В нашем вагоне ехал Толик Дыбенко из Людкова, а с нашей Замишевской улицы – Юрка Присекин и Толик Улитин. А с Харитоновской улицы, кроме Вальки Высоцкого, был Володька Курлянчик.
А потом был Бобруйск. А в Бобруйске комиссия. Немцы-врачи в нас искали заразу какую-то. Каждый очень хотел, чтоб нашли у него. Не нашли.
Потом была Польша и лагерь какой-то. Наших девчонок оставили там, а нас потащили дальше.
Через неделю в Германию прибыли. Привезли прямо в город, в штадт КДФ, завод Фольксваген, Лагерь номер 925, Stadt DS KDF Wagens.
Хлеба дали и грамм по сто хамсы. Как все это съел – не заметил: в поезде нас почти не кормили.
Потом в баню. Из бани – в бараки. В бараках по штубам, по комнатам. В каждой штубе по тридцать человек.
На нашу одежду каждому нашили цветки. Мне досталась ромашка белая.
Обули нас в деревянные колодки-долбленки. Немцы их называют клумпами.
Бегаем в них, как стучим молотками.
В этих клумпах-колодках по первости до крови натирали ноги. Перемучились крепко, пока на ходу потертости не откровили да не замозолились. Теперь на ногах мозоли, будто копыта приросшие.
Помолись за меня, мамка родненькая! Ноги мои стали пухнуть. Будто водой набираются к вечеру. И к утру до конца не проходит опухлость. Обуваться мне больно. После подъема в строй опаздывать стал. А хохол-полицай специально стоит надо мной. Ждет, предатель. Ждет, чтобы палкой огреть, или своим сапожищем меня в строй зашвырнуть.

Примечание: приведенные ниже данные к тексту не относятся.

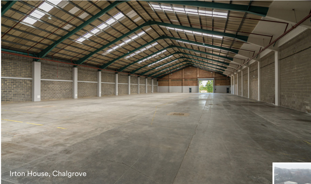
Irton House, Chalgrove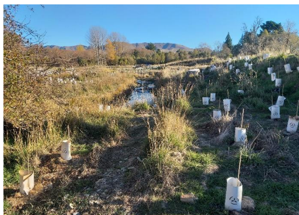
Burkes Pass Riparian Planting

"The Te Kopi o Opihi/Burkes Pass Riparian Restoration Group are delighted to receive news of your wonderful support that will enable us to protect the existing native planting from browsing animals and clear the way for stage 2 planting with a future community track along the Opihi River giving environmental and cultural benefits for all to enjoy."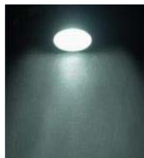
Cool White 6000K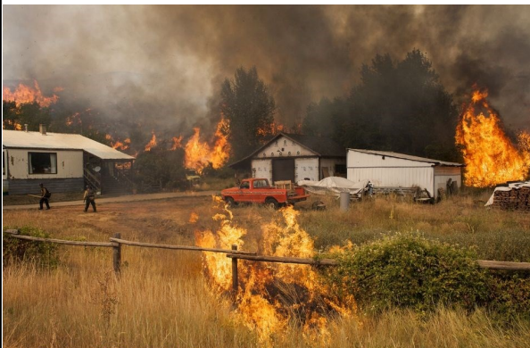
Twisp River Fire near Wenatchee—August 21, 2015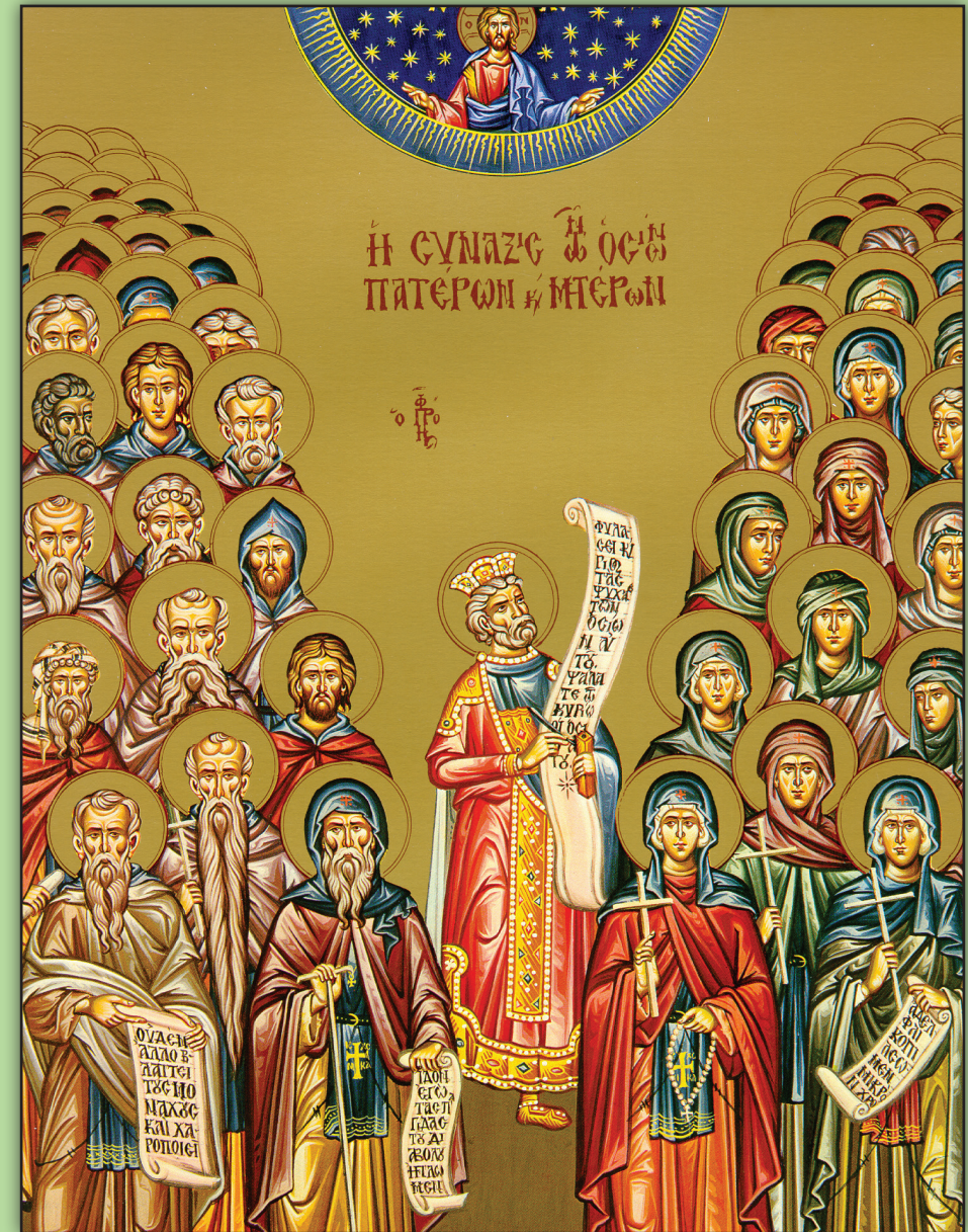
Icon of the Holy Ancestors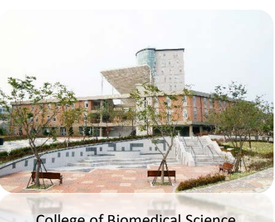
College of Biomedical Science 의생명과학대학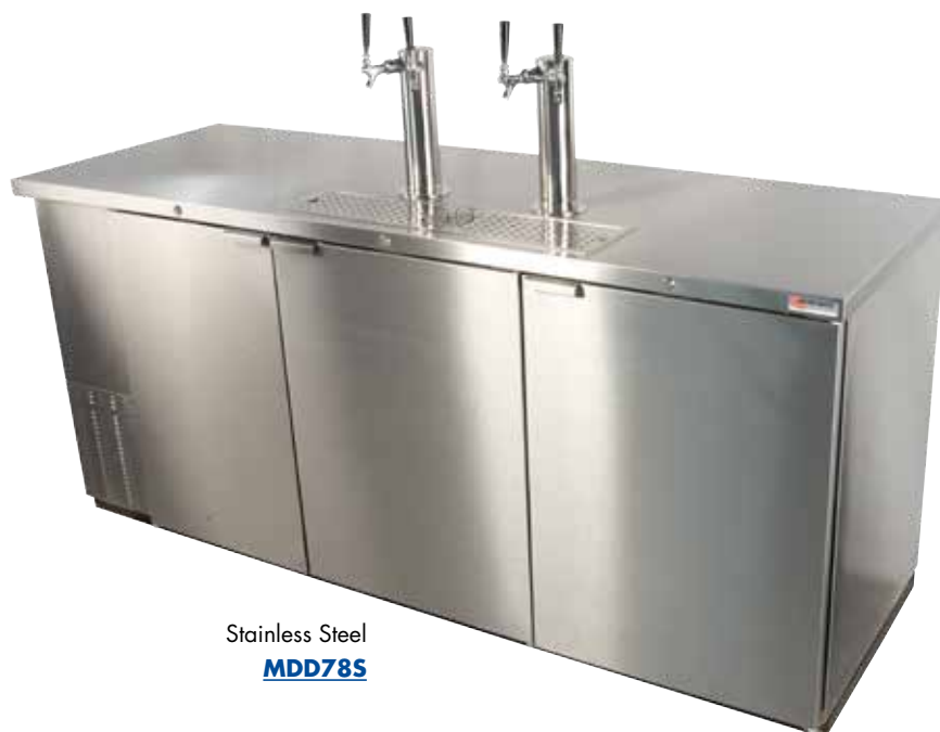
Stainless Steel MDD78S

Спим на нарах, на досках голых. В чем работаем, в том и спим. Ни подушек, ни простыней.
Если кого убивают в кацете, то одежду его нам бросают. Перед расстрелом раздевают догола. Пристрелят, и в яму. Яма глубокая. Засыпают не сразу, а когда наполнится.
Яма стоит и ждет.
Из новозыбковцев наших вчера убили Толика Сергиенко с Привокзальной улицы. Он что-то съел на кухне, когда там работал. За это его расстреляли… Теперь он в той яме лежит. Лежит на боку, присыпанный чем-то белым, и щеку ладонью от нас закрывает…
А мы присмотрелись и видим, что глаз у Толика открыт…
В три тридцать утра подъем. Начало работы в четыре утра. Работаем до восьми вечера. Отбой в одиннадцать.
До отбоя бьем вошей и одежду латаем. На ней латка на латке…
Раз в неделю вошепарка. Пока наши одежки жарятся, нам делают баню. Загоняют в коробку по пятьдесят человек, и четверо полицаев по углам поливают нас из шлангов. Мы корчимся под холодной водой, а немцы охраны и полицаи гогочут.
Вместо мыла дают каустическую соду.
В бараках, где спим, на завтрак – болтушка. В ней лягушки и пиявки… Воду немцы для нас достают из пруда. Для смеху, наверно. Прямо с тиной и всем, что поймается.
Кто-то ест, я не ем… Нас много таких, кто не ест ихний завтрак, фрюш-тюк с пиявками вареными. «Данке шеен», – говорим, хватаем свой хлеб и бежим на работу. Полицаи и немцы хохочут и палками нас подгоняют, чтоб бежали быстрей.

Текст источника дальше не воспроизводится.